• _Action item_
Using the records that follow, reproduce exactly the lines starting at the line containing "نقشه خیابان نهر بگرا" and ending at the line containing "Visita al Centro". Include both end lines and no pictures.

Collection entries:
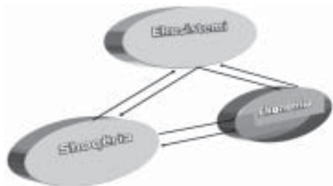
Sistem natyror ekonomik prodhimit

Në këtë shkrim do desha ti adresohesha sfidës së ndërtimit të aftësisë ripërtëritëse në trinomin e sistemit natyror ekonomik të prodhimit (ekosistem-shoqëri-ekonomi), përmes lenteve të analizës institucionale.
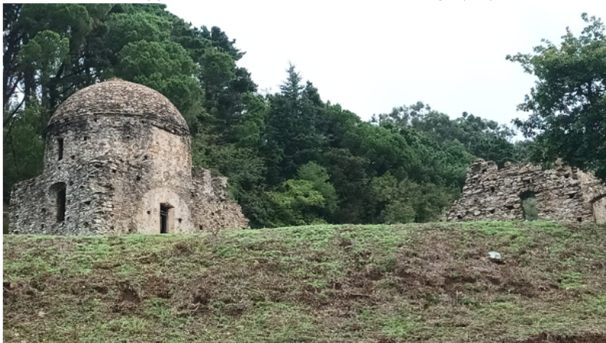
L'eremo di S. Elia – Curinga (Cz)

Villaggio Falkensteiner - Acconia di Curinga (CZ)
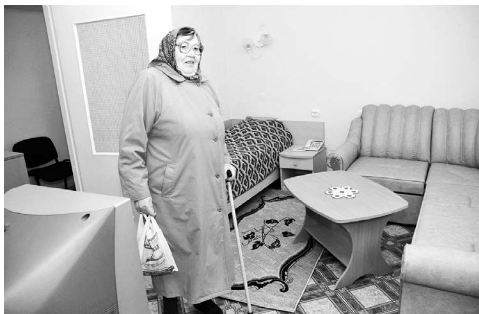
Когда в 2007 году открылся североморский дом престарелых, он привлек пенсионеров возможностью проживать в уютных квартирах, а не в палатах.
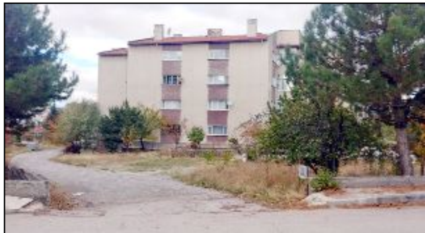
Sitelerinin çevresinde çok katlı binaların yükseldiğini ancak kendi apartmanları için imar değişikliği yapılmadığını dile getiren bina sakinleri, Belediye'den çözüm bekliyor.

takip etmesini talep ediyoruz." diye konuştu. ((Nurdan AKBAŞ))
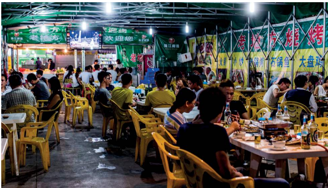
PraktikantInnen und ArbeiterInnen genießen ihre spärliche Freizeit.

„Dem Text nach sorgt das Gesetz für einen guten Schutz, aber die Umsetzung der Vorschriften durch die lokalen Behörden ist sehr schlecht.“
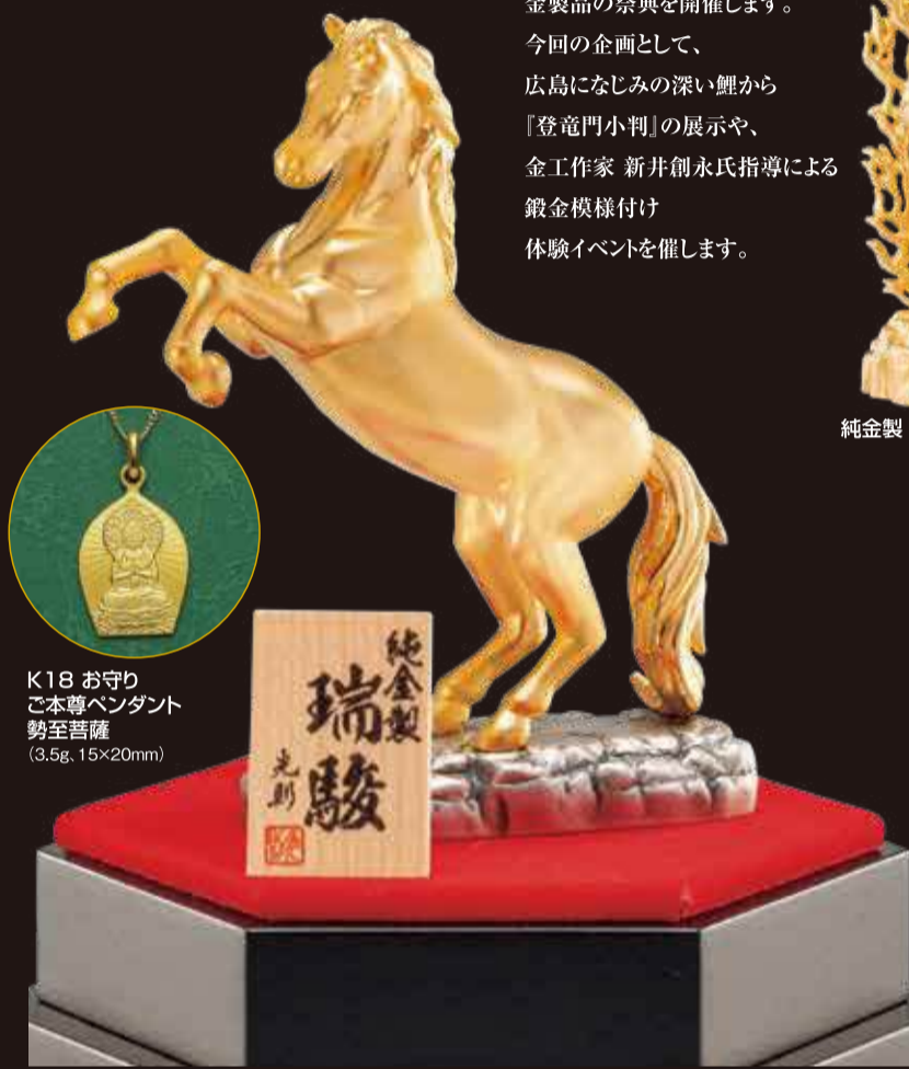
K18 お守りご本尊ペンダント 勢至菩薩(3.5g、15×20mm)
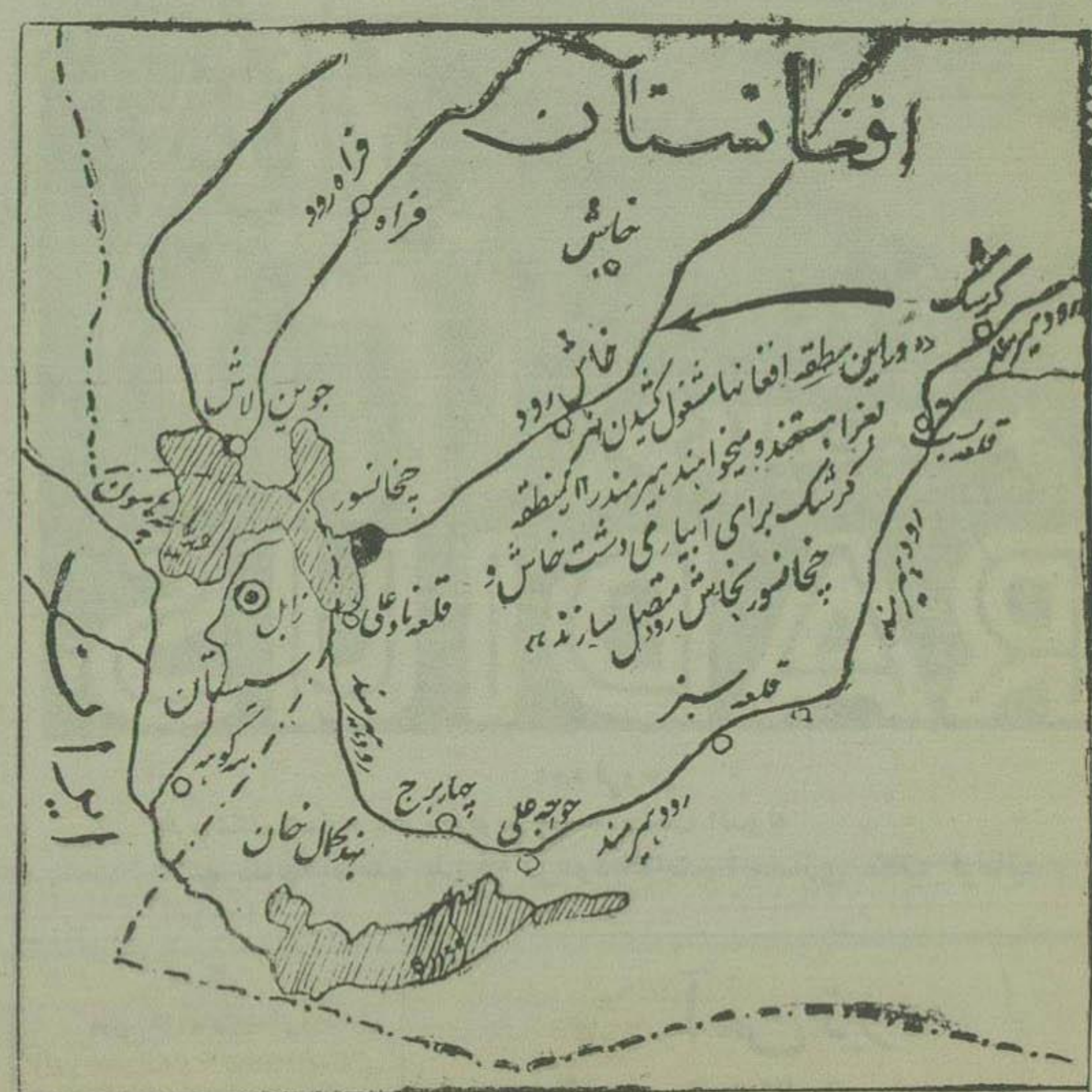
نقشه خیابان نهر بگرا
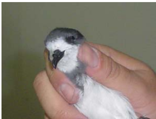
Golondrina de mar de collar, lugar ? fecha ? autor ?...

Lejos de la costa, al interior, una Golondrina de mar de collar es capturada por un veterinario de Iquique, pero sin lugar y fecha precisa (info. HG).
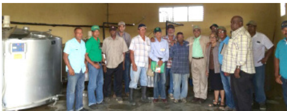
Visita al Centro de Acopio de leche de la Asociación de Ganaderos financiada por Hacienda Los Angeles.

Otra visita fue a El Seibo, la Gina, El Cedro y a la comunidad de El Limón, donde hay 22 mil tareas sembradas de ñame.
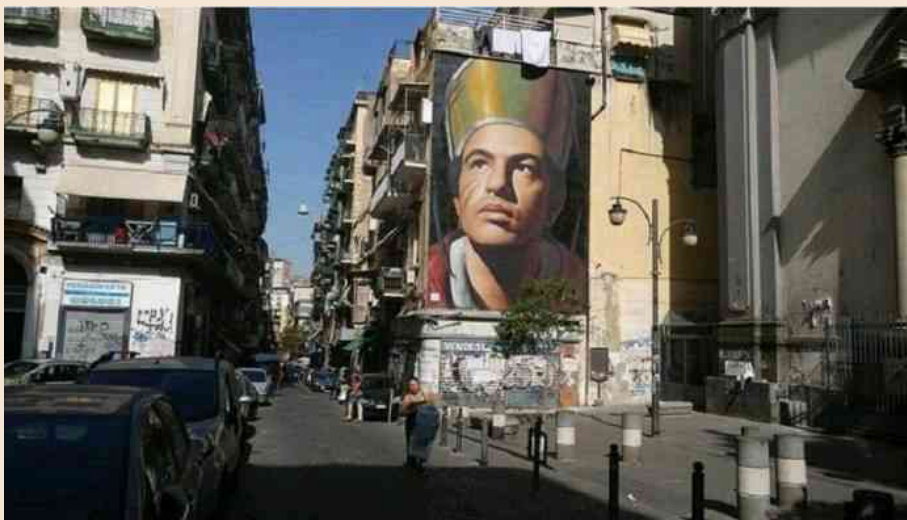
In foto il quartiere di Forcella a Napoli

• _Written response_
نقشه خیابان نهر بگرا
Golondrina de mar de collar, lugar ? fecha ? autor ?...

Lejos de la costa, al interior, una Golondrina de mar de collar es capturada por un veterinario de Iquique, pero sin lugar y fecha precisa (info. HG).
Visita al Centro de Acopio de leche de la Asociación de Ganaderos financiada por Hacienda Los Angeles.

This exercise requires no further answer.